Looking back, I wish I knew more about financial aid and opportunities such as ballroom dance club and student government. My dad couldn’t manage money and my parents were often in a precarious situation. Every semester, my $900 tuition bill was paid with my mom’s earnings from her part-time job. Otherwise my sisters and I had to self-support. The upside is that, in addition to waitressing, I became a reporter then editor at the daily school newspaper for $80 a week. This is where I connected with friends who were writers and interested in the arts.
Financial aid is a huge consideration for the students I serve. Whether working with intact immigrant families from the Caribbean, Latin America, and Southeast Asia or those students who are in foster care, homeless, or undocumented, I will have to finesse difficult, but important conversations: How will the student or family pay for college? Will the student live at home? Are there barriers in the home that are not apparent? It would have been less stressful if an adult at my school confidentially knew that my mother was reclusive and my dad, a Ph.D., was not engaged.
This circles back to trust and relationships. I am a white woman from a different culture and region of America than the families in my school community. As such, there is an ongoing need for me to continuously gather insight into the nuances of the families I serve. Interpersonal connections go far. Heading into the 2021-22 school year, I urge my colleagues to reflect on their own high school years. What would the adolescent you stress about going into the fall? Evidence-based research for re-entering school following a global pandemic doesn’t exist. A seismic professional and interpersonal attitude shift awaits.
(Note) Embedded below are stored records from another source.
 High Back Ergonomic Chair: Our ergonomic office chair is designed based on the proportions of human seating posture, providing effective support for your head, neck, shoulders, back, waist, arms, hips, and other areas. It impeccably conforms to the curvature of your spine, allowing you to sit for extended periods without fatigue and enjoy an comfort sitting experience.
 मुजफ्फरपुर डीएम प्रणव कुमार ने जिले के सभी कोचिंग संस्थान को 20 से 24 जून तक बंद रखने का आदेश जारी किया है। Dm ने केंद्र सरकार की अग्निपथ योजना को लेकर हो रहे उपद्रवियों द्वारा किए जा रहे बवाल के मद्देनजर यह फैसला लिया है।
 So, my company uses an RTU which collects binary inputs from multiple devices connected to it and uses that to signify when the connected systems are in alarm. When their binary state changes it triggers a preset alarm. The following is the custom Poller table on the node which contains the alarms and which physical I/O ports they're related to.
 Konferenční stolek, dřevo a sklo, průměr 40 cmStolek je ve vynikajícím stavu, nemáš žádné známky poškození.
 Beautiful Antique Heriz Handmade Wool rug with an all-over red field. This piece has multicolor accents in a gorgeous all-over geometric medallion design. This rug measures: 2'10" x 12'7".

I plan to use this year to continue to build cultural and communication competency. I will continue to listen and collaborate with students, staff, and parents from countries such as Haiti, India, Russia, Israel, and the Dominican Republic, many of whom have a multitude of identities. And I’ll also look for opportunities to share my unique experiences and knowledge about the American higher education system and workforce opportunities.
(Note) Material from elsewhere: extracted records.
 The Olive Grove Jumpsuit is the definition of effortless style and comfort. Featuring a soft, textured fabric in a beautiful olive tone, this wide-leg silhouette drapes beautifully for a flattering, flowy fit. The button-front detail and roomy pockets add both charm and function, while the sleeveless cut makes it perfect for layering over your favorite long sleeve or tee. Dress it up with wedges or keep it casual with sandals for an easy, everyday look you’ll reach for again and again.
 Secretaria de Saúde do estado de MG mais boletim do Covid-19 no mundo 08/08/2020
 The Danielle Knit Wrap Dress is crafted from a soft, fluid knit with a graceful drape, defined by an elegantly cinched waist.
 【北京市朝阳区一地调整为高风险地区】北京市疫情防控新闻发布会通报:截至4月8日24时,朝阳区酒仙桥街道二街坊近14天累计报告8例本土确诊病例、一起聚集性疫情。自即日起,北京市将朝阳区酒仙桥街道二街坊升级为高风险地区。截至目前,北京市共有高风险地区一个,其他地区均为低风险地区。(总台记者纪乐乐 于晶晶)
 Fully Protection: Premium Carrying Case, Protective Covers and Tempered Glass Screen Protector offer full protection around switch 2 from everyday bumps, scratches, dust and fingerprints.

In addition to transition planning as a special educator, I’m also a ninth-grade advisory teacher. In the fall, I will likely have a larger role in college advising. Deliberate and delicate collaboration with the lone school counselor and principal will be critical. Already, we have discussed collaborating on college and career readiness lesson plans, college nights, and one-on-one support for applications and essays.
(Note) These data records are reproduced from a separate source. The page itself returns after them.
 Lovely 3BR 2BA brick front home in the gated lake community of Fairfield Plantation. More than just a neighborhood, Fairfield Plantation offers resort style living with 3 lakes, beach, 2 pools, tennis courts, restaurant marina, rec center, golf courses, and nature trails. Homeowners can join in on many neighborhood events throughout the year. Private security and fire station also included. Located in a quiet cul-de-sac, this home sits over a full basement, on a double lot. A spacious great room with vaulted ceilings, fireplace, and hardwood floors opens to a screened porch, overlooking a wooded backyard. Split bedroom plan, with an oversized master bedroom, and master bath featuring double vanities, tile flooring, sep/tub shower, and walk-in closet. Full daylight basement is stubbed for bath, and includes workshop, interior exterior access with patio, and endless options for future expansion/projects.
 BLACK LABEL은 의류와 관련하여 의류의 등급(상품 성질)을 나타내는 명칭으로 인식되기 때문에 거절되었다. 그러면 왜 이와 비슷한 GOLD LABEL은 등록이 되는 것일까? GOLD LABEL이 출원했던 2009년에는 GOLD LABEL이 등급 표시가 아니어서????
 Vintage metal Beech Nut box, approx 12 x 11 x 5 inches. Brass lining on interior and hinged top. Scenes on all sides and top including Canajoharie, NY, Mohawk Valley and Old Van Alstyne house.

College and career readiness initiatives must coalesce with core high school academics. Access cannot and should not be a priority for only traditionally identified achievers. Every person has gifts and interests. Millions of individuals have thrived after high school. It is not acceptable for only a portion of students to have access to critical resources for a productive adulthood. This is a matter of educational policy, the US Constitution’s Equal Protection Clause, and a national security imperative reminiscent of the post-WWII Space Race.
Students can and should see themselves having a future after graduation. At under-resourced public schools like mine, typically 40 percent of the student body is focused on “passing” with D’s to earn a standard diploma. Survival mode. As a school community, we have to disrupt this cycle. It’s not just the high-achievers who need a postsecondary plan. Struggling students, as much as anyone, need to explore and find direction. In the fall, content teachers who embed college and career readiness elements into lessons plans will find themselves rewarded. Motivation deepens when a student makes the connection between what is learned in class and his or her potential for a self-supporting and creative life.
C.J. Lake is a special education teacher/case manager and ninth grade advisory teacher at New Visions Charter High School for the Humanities IV in Rockaway Park, New York.